Paul Cheng : First, congratulations to both Mike and Tim for the retirement and promotion. Thank you, Mike, for all the help. I guess that I have two questions in here. Mike or Tim, when you’re looking at how is the — it’s a little bit surprised that you’re saying it will take until the second half of this year to reach the normal noise runway given that you actually start up all the plan, say, one in the first quarter, the other one is in the second quarter. So maybe that you can give us a better understanding of why that we will — I think a lot of people would have thought that by now you will move into the normalized one way? And what have you learned so far from the operation? And also whether you have already certified for the LCFS by now?
So that’s on that. The second question is on the marketing. If I look at last year, for only 10 months of operations, you did about $63 million in EBITDA, much better than at the time of the acquisition, you were referring to about $50 million a year normalized cycle.
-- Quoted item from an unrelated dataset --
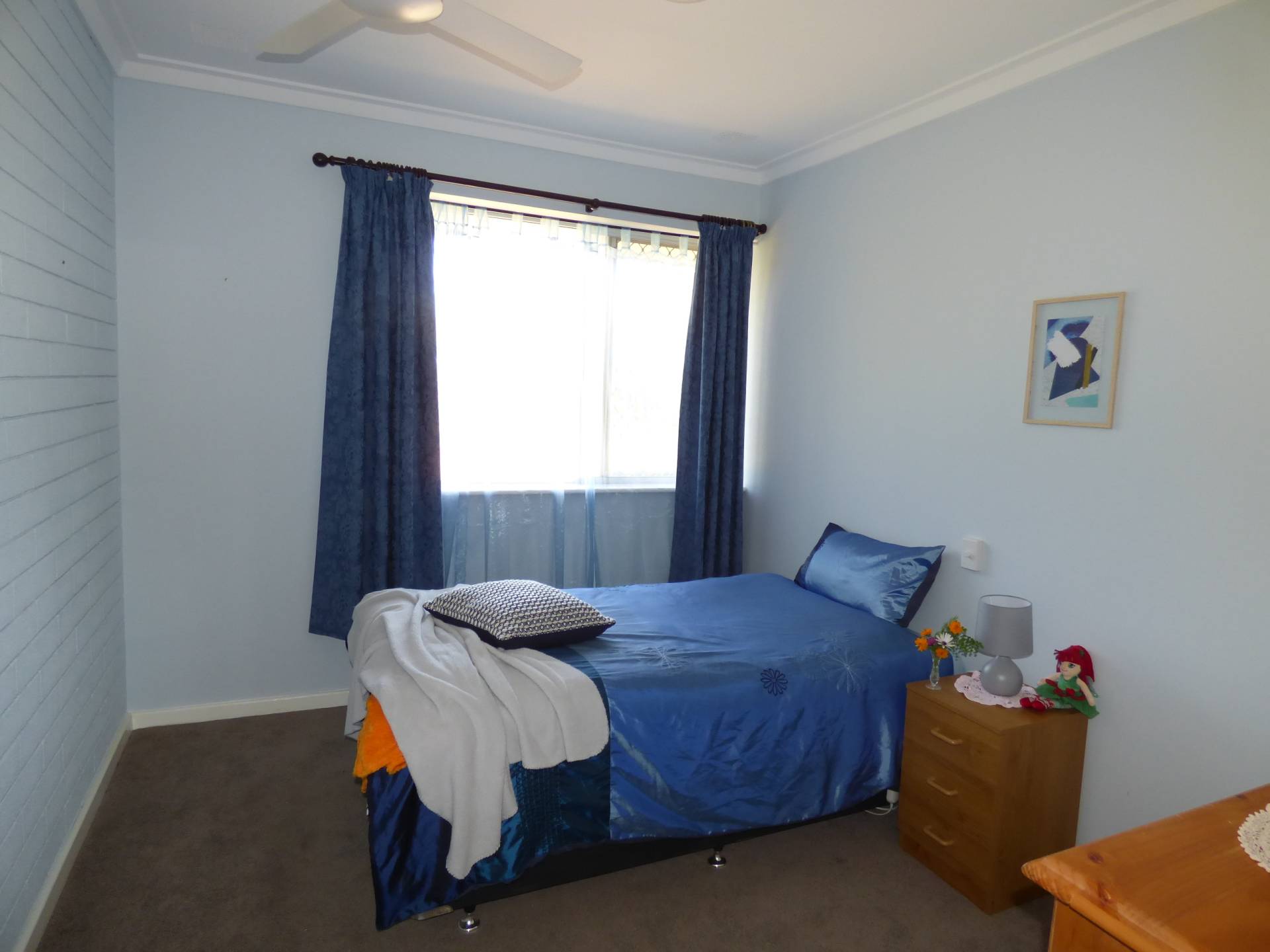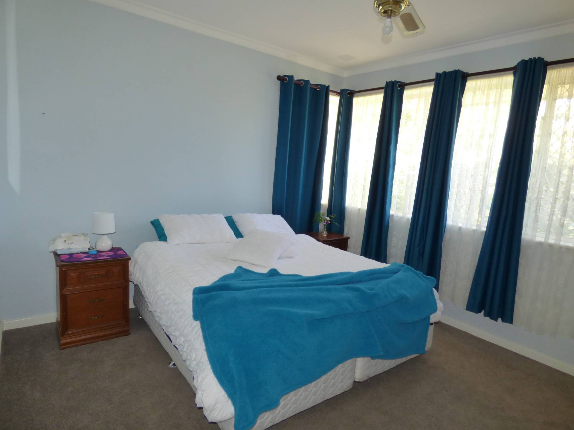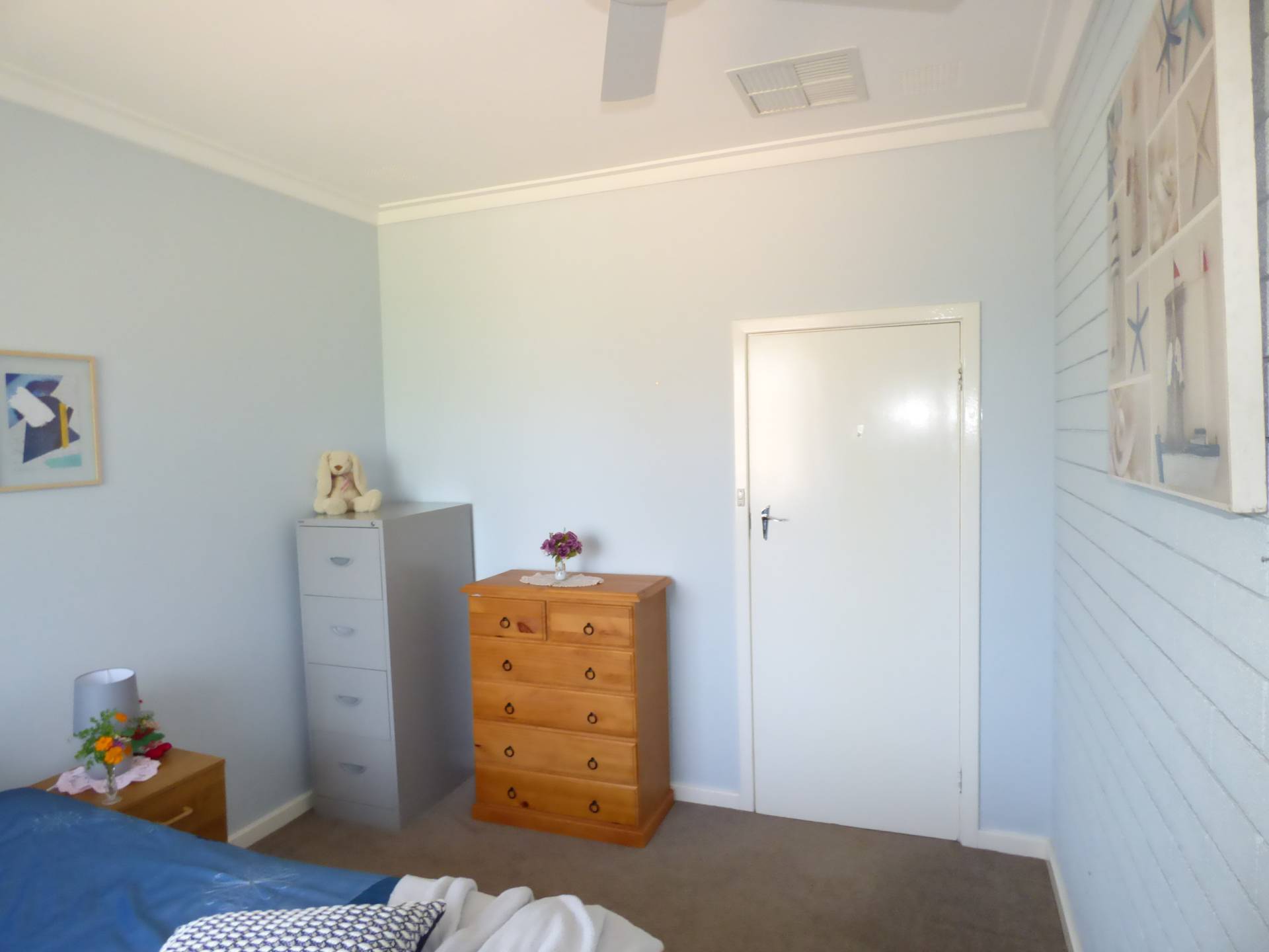 The large master bedroom is located at the front of the house and has a ceiling fan. Bedroom two is located off of the lounge room and the third is located down the hallway past the bathroom.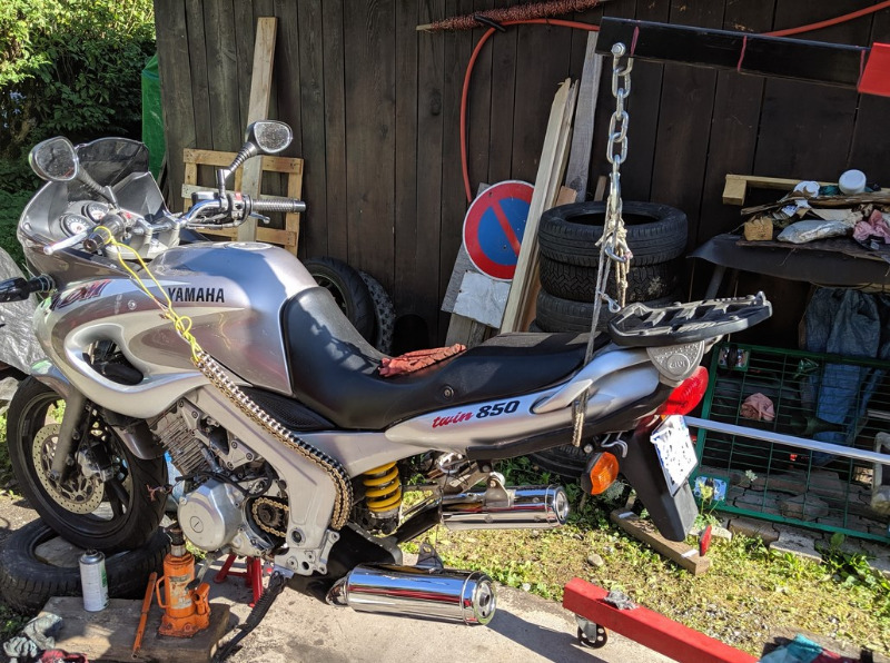 Bonne idée mais j'ai pas trop le matos pour tenir la moto car je dois enlever ma béquille de levage posée sur le bras arrière....

So as last year just an exceptional year, and that the baseline is still 50% or would that business is actually much better than what you had been assuming?
Mike Jennings: Thanks, Paul. Tim and I will split this up. I’ll start with the renewables questions. And yes, to put it candidly, the renewables performance — operational performance to date is not what we planned, and it’s disappointing, but we’re pretty resilient and we’re going to fix this thing. So what’s in front of us? There are a number of things. First, process optimization and catalyst performance, getting the renewable diesel yields up and getting the units to run more consistently. We ran just 14,000 barrels a day, which is 60% utilization in the fourth quarter. In a process industry, Paul, as you well know, that is too low. That number needs to be more towards 90%. So in terms of availability and reliability of the underlying units and the catalyst performance getting the renewable diesel yield higher at the expense of naphtha yield, but as importantly, these processes are very hydrogen dependent, and we’ve got two things going on there.
First is base reliability of hydrogen production. And we’ve got a number of things working internally to improve that, but also with petroleum or conventional distillate margins as high as they are, we’re needing to optimize hydrogen use across these refineries. And that’s a competition at present. So longer term, we need to increase the availability of the high-purity hydrogen that feeds these plants. Nameplate-wise, they were expect to perform at capacity, and we found that we’re not there. So we have some initiatives working to improve that optimization within the refinery and longer-term improve gross availability of the hydrogen. So there’s a lot to do operational here in these current 6 months to get toward considerably higher throughputs and yields in these plants.
And no, we’ve not yet achieved that, but that is the pathway to profitability.
Tim Go: Paul, I’ll take your second question on marketing. This is Tim. Again, we’re very pleased with the results that we’ve seen on the marketing side. This is, again, one of our core objectives that we’ve been focused on as far as integration and again, for the reason for the Sinclair HollyFrontier merger. You’ve asked if we’re ready to change our $50 million a year mid-cycle, I’d say probably not at this point. But I would tell you that we are operating above mid-cycle right now. And we think that’s the case because with inventories being low across the country and demand being fairly high, especially in our areas that we operate in, which in the Rockies, in particular, have low inventories and high demand, we’re able to get a little bit more from our brand premium than maybe what we would during a mid-cycle type environment.